SecScale: A Scalable and Secure Trusted Execution Environment for Servers

TL;DR

SecScale introduces a scalable, secure trusted execution environment that enhances replay attack protection and memory encryption, outperforming existing solutions in speed and security guarantees on generic hardware.

Contribution

It proposes a novel TEEs design using speculative execution, MAC forests, and full memory encryption to achieve scalability and security, addressing limitations of SGX and competitors.

Findings

SecScale is 10% faster than the nearest alternative.

It provides replay attack protection on generic hardware.

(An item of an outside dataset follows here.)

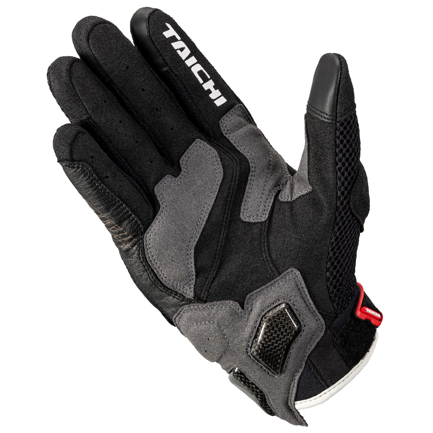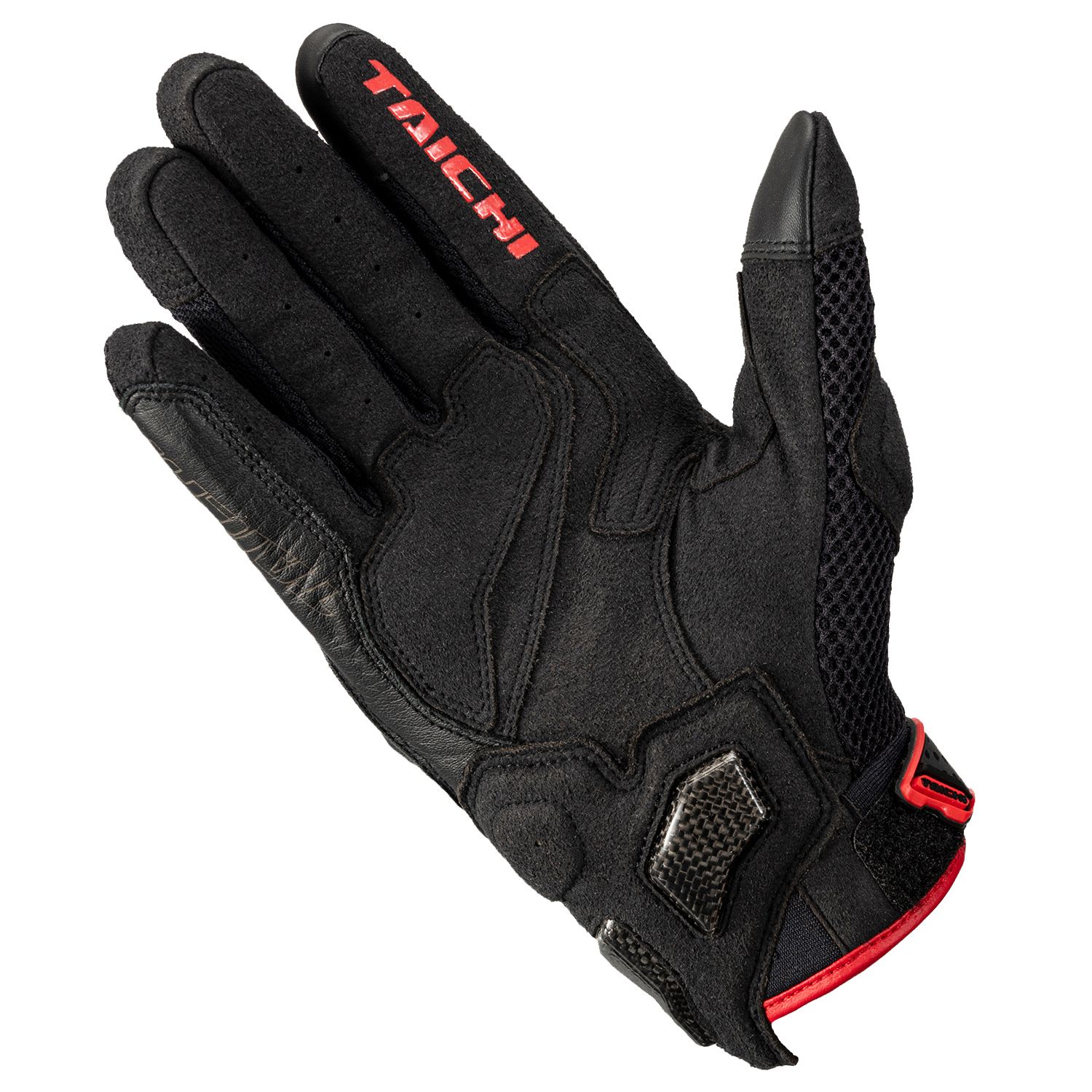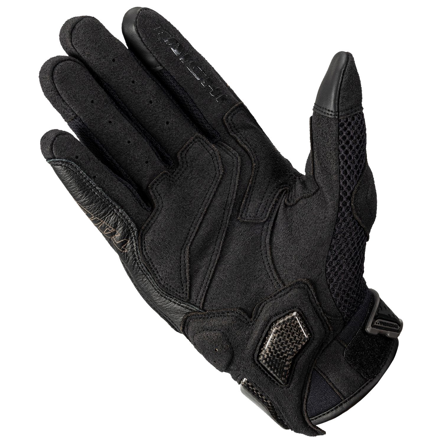 Air through mesh glove with comfort and high protection by excellent breath-ability and stretchy mesh fabric and carbon protector.

It supports larger enclaves beyond 256 MB.

Abstract

Trusted execution environments (TEEs) are an integral part of modern secure processors. They ensure that their application and code pages are confidential, tamper proof and immune to diverse types of attacks. In 2021, Intel suddenly announced its plans to deprecate its most trustworthy enclave, SGX, on its 11th and 12th generation processors. The reasons stemmed from the fact that it was difficult to scale the enclaves (sandboxes) beyond 256 MB as the hardware overheads outweighed the benefits. Competing solutions by Intel and other vendors are much more scalable, but do not provide many key security guarantees that SGX used to provide notably replay attack protection. In the last three years, no proposal from industry or academia has been able to provide both scalability (with a modest slowdown) as well as replay-protection on generic hardware (to the best of our knowledge). We solve this problem by proposing SecScale that uses some new ideas centered around speculative execution (read first, verify later), creating a forest of MACs (instead of a tree of counters) and providing complete memory encryption (no generic unsecure regions). We show that we are 10% faster than the nearest competing alternative.